Local Control and Fakery 'Bans' - Threat Vs. Threat

  •  
  • by: ClubTwitty

(Promoted by Colorado Pols)

Let’s talk threats, but first let’s back up.  Let’s talk about what’s not on the ballot this November:  A statewide fracking ban.  It seems that whatever polling there is, it must show that reasonable Coloradans support local control–We understand the fairness of trusting the directly affected neighborhoods and towns, and elected officials.  Most of the proposed measures extend the same type of authority they have with other development in their midst, around their schools, next to their homes, above their neighborhoods, in their drinking water supplies.  Egads!
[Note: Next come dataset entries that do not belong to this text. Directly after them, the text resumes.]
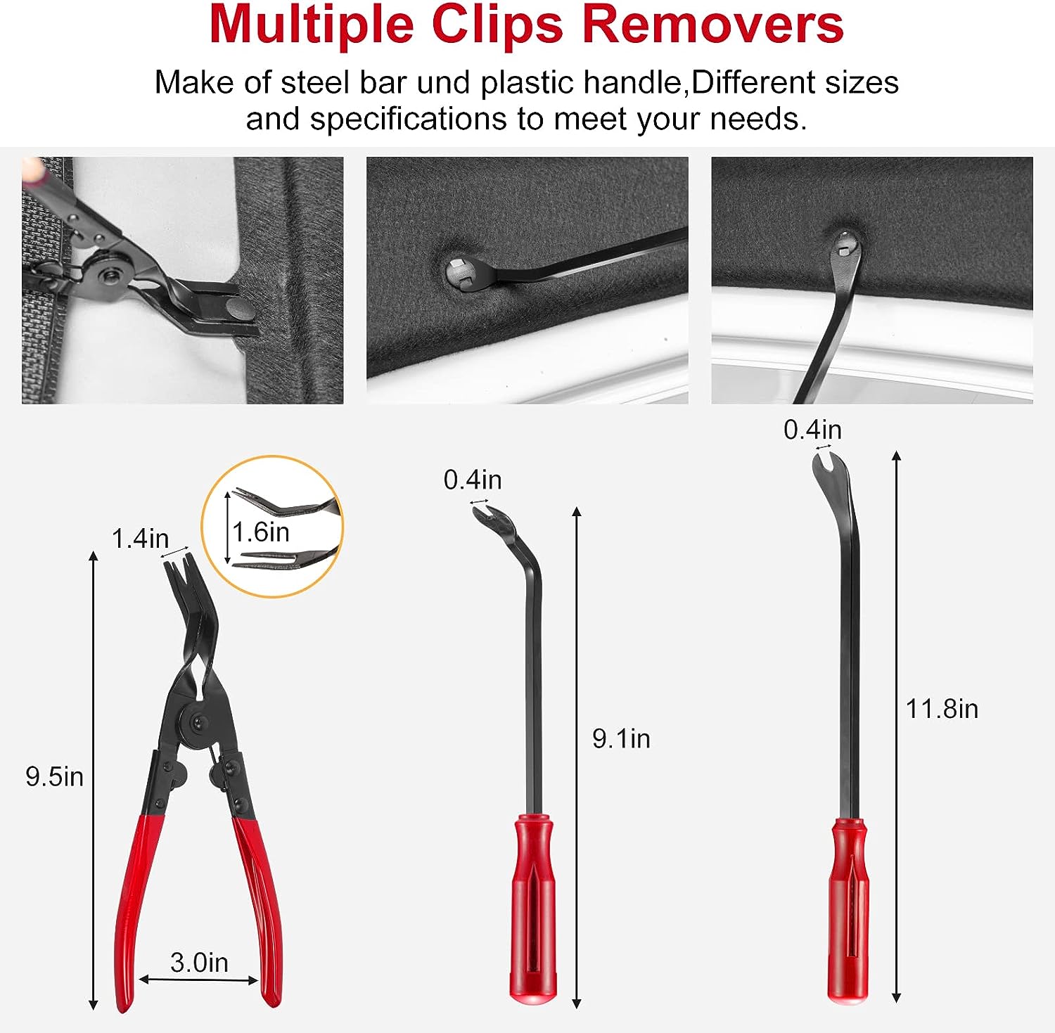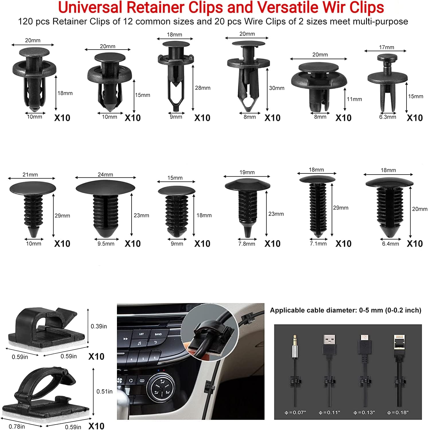 - [330-teiliges Auto Demontage Werkzeuge]: einschliesslich 11 x Entfernungswerkzeuge, 2 x Werkzeug zum Lösen von Clips, 1 x Zange zum Entfernen von Clips, 120 x Auto Befestigung Clips, 20 x Kabelclips, 11 x Werkzeug zum Entfernen von Kabelanschlüssen, 6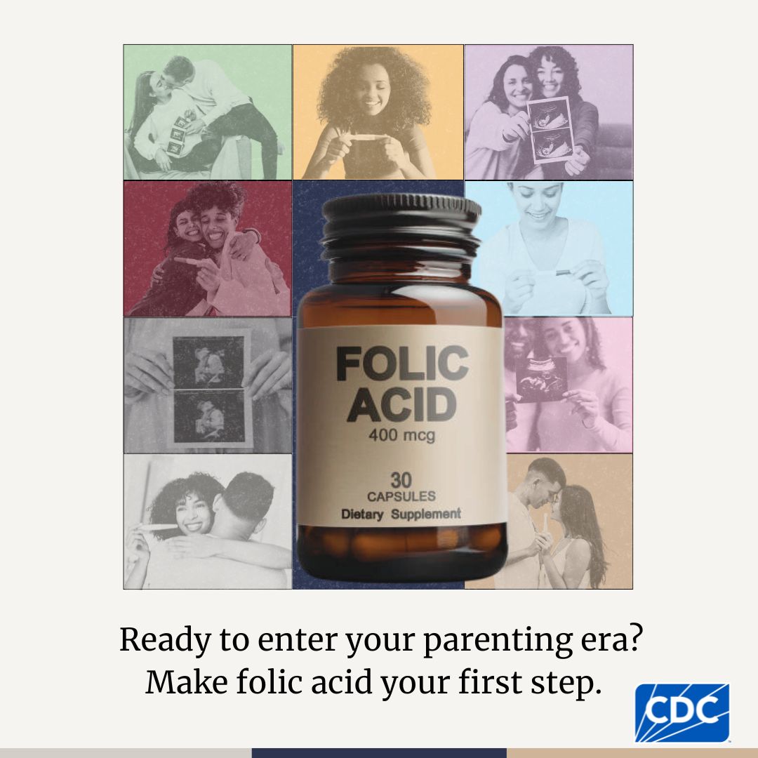 The first step in planning for your "parenting era" is to get 400mcg of folic acid daily, which can prevent serious defects of a baby's brain and spine. Use this graphic and sample message to spread awareness about the importance of taking folic acid before pregnancy.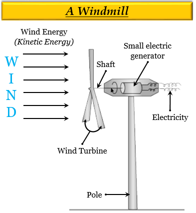 風是空氣的流動,是一種能量來源。它擁有動能。風具有動能,當快速移動的風撞擊風力渦輪機時,它開始旋轉,因此風的動能轉化為機械能。此外,風力渦輪機透過軸連線到發電機,因此它也旋轉並驅動發電機產生電力。最後,機械能轉化為電能。

What to do?

Anti Local-Control Spin: Sunshine, Lollipops or TEOTWAWKI (aka “Statewide Fracking Ban”)

For clarity on that question, we can look to the recent op-ed in the Chieftain, the yellow rag out of Pueblo.  In it two board members of Vital for Colorado (one of the anti-local control group that has the Denver Metro Chamber director among its leadership). From that source, it appears, the answer is to prevaricate, also known as lying, bearing false witness, and a host of other terms.  

Of course there are always clever ways to kinda-sorta get around all that—the wonders of language artfully deployed! Thus we are told not that a fracking ban is looming, but the threat of a statewide fracking ban’ might be!  

And such a threat of this thing that would be bad if it were real, is juxtaposed against a life of wonder and prosperity from the gentle beneficent activity known as "hydraulic fracturing" or more commonly (and somewhat rudely) as "fracking". 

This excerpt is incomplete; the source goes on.